Larvae were reared in food qualities defined as 100%, 75%, 50%, 25% or 15%
until mid-third instar (Demerec,
1994
) for food intake tests and size measurement. Food quality was
manipulated by decreasing the proportion of both yeast and sucrose in the
standard culture medium (see recipe above) while keeping all other
constituents constant.
Survivorship and developmental time
Twenty newly hatched larvae were placed in a 9.5 mmx25 mm diameter
glass vial with 10 ml of food medium (100% 75%, 50%, 25% or 15% quality).

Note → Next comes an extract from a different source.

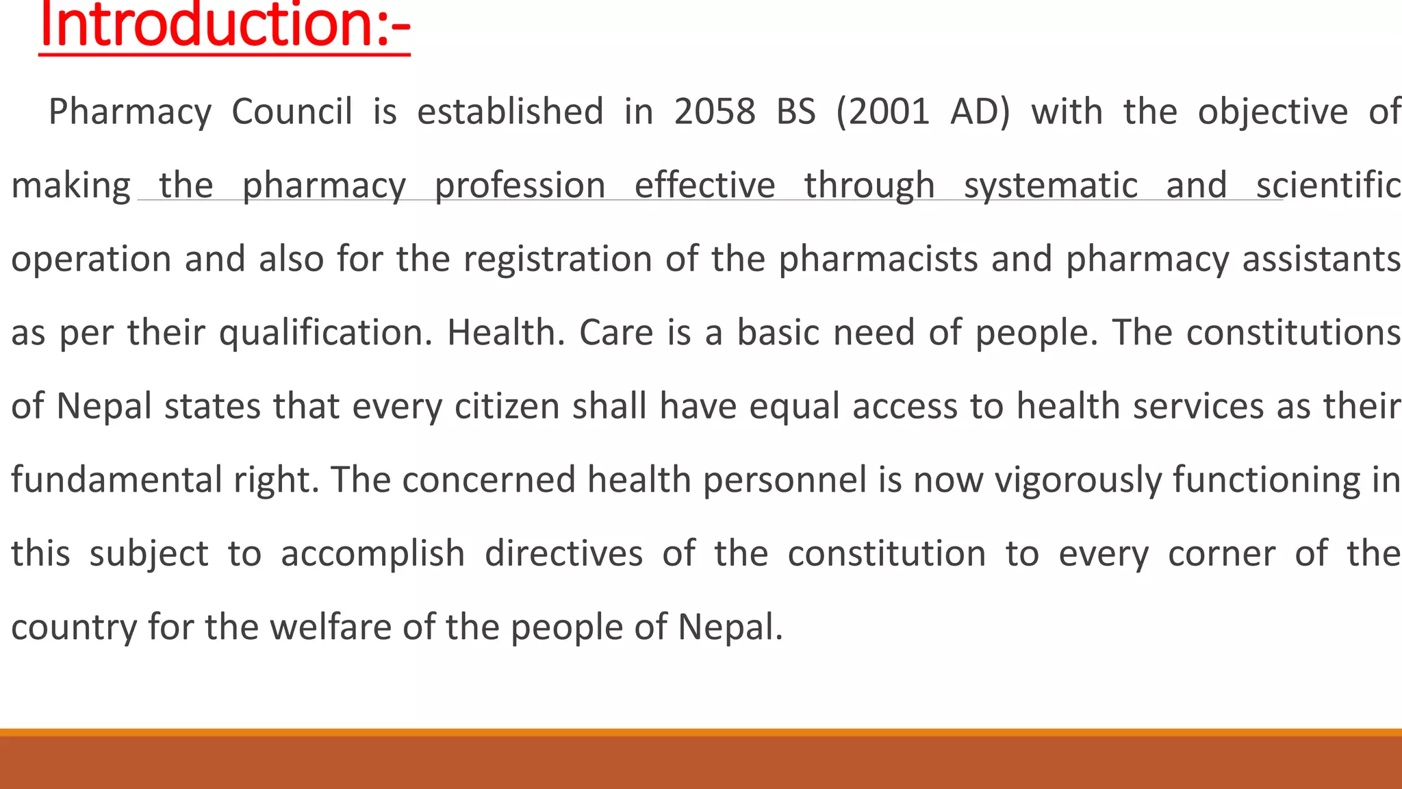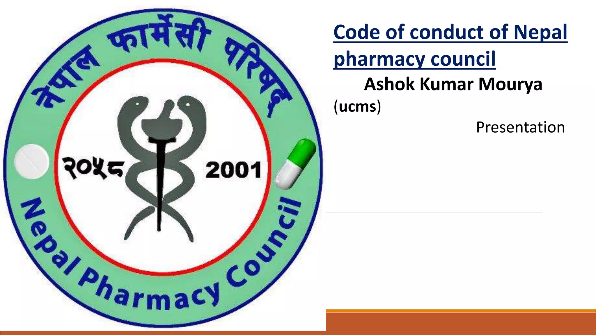 The Nepal Pharmacy Council, established in 2001, aims to enhance the pharmacy profession through systematic operations and the registration of qualified pharmacists. It emphasizes the ethical responsibilities of pharmacists to ensure equitable healthcare and adherence to professional standards while navigating rapid changes in the industrial and healthcare sectors. The code of ethics outlines the duty of pharmacists to maintain patient confidentiality, uphold professional integrity, and contribute to public health without discrimination.
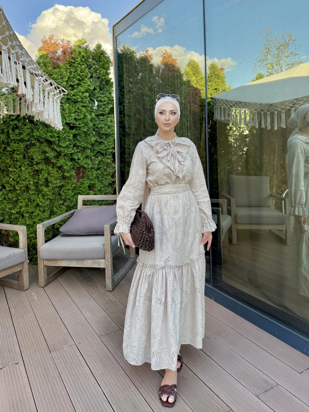 Elbise Yakası İp Ve Fırfır Detaylıdır

Animals were grown at 25°C on a 12 h:12 h L:D cycle with lights on at
08:00 h. Eclosed adult flies in each vial were counted and removed once every
24 h for 26 days.
Gut contractions
Third-instar larvae were removed from food plates, washed gently and stuck
to a clear microscope slide using double-sided stick tape, ventral side facing
up. The number of gut contractions in the anterior midgut, acidic region, and
posterior midgut were measured for 2 min. This number was divided by two to
yield the number of gut contractions per minute.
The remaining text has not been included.